Louis XIII fait procéder à un décri (décision de rappel des pièces démonétisées, et remboursables) et à une refonte générale des monnaies existantes en 1641. La nouvelle base des espèces est le louis d'or à 23/24 de fin qui a cours pour 10 livres ainsi que l'écu blanc d'argent d'une valeur nominale de 3 livres. On multiplie le nombre des pièces de plus faible valeur et on augmente aussi la frappe de monnaies de cuivre (liards). L'instabilité réapparaît à la fin du règne de Louis XIV où le cours légal du louis et celui de l'écu sont à plusieurs reprises modifiés. Au gré de l'afflux des métaux, l'argent et l'or disparaissent alternativement de la circulation, parfois en même temps, et il faut alors user d'expédients comme le décri et la refonte, l'interdiction des espèces étrangères ou l'instauration de tarifs incitant à la fonte des vaisselles et des bijoux, etc.

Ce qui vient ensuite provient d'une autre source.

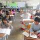 4年生算数では、「変わり方」の学習です。電子黒板の表に数値を書いて、数の変わり方をとらえています。また、グループで平行四辺形をかいています。定規を使って、たくさんの図形をかいていました。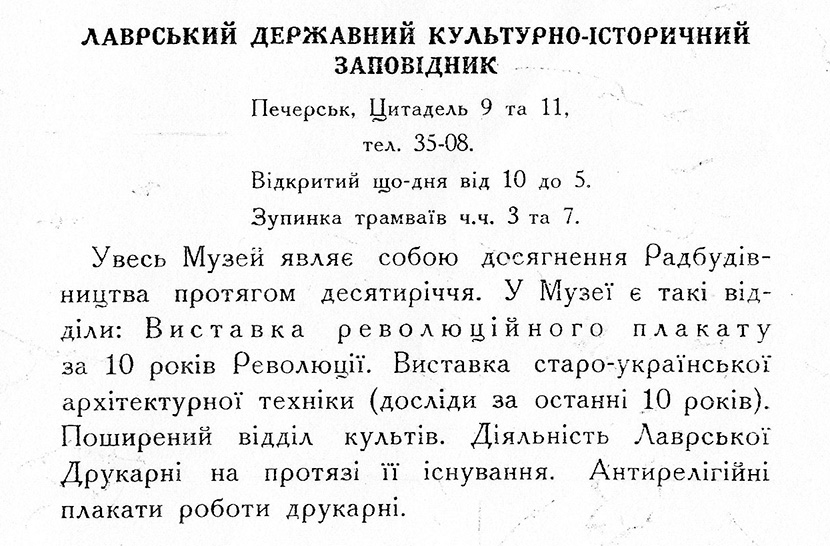 The third request was sent to the Excursion and Lecture Bureau of Kyiv Office of Political Education. The Administration of Lavra’s Preserve insisted on organizing several excursions for tram conductors and police officers “to acquaint them with the tasks of the Museum Town and explain the association of that place with Lavra only if that was necessary”.
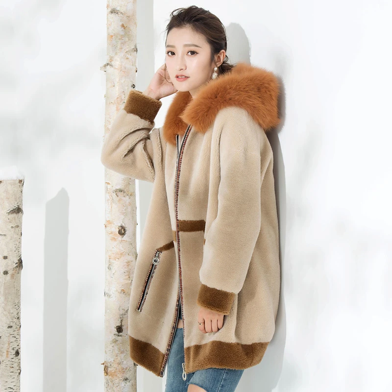 Wool Coats Plus Size Korean Fox Fur  plus size wool coat with fur collar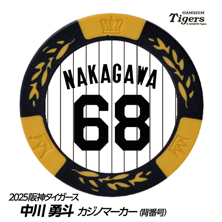 阪神タイガース、中川勇斗選手のゴルフ用カジノチップマーカー。表面は各選手の背番号、裏面は90周年ロゴのデザインです。阪神タイガース承認。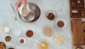 Z vilico zmešamo ovsene kosmiče, lanena in bučna semena, mlete mandlje, sol, pecilni prašek in cimet. Med zmešamo s čežano, mešanico pa nato dodamo prejšnjim sestavinam. Dodamo še maline, lešnike in belo čokolado ter dobro premešamo.
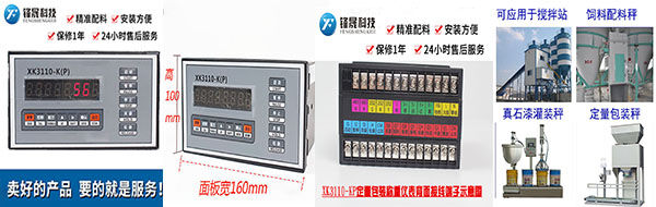 HZS50攪拌站XK3110K(P)稱重包裝秤定量稱重控制儀表,采用高精度信號(hào)采樣技術(shù)和智能控制軟件,集稱重、配料、控制于一體的高端儀表。xk3110k(p)稱重控制儀表廣泛應(yīng)用于冶金、包裝、飼料、石化、煙草、建筑等行業(yè)的自動(dòng)配料過(guò)程控制。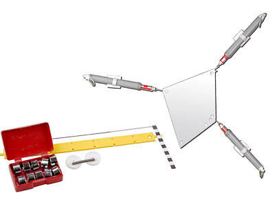 Центральное отверстие пластины расположено в центре ее масс. Динамометры на магнитных держателях закреплены так, что могут свободно поворачиваться. У динамометров предусмотрен винт установки нуля. В зависимости от положения динамометра необходимо устанавливать ноль перед каждым опытом. Для проведения демонстраций необходима магнитная доска.

Fondamentalement, l'instabilité de la monnaie découle de l'évolution du rapport de l'or à l'argent au cours de cette période. En 1602, il est encore de 11,87 en France, à un moment où le monnayage de l'argent a déjà quintuplé par rapport au siècle précédent. L'argent supplante l'or, souverain jusque vers 1550. Puis à partir de 1614, le rapport s'élève brusquement à 13,73, atteignant 14,49 en 1641, et même 15,98 en 1662. C'est bien le signe que l'argent manque (le chômage des ateliers monétaires en témoigne), parce qu'il est sous-évalué et que l'or est surévalué, ce qui permet de retenir ce dernier dans le pays.
La disette de métal est parfois telle qu'on en vient à imprimer des substituts aux pièces manquantes comme, de 1701 à 1706, les billets de monnaie. Après l'expérience de la monnaie de papier du système de Law pendant la Régence et le début du règne de Louis XV, de 1716 à 1720, la dernière grande mutation nominale intervient en 1726 avec une refonte générale des espèces : le louis d'or est allégé en poids et court pour 24 livres, l'écu d'argent est porté à 6 livres. Ce système dure jusqu'à la Révolution avec un dernier ajustement en octobre 1785 (sous le ministère Calonne) du rapport de l'or à l'argent qui est fixé légalement à 15,5. C'est la dernière mutation réelle de l'Ancien Régime.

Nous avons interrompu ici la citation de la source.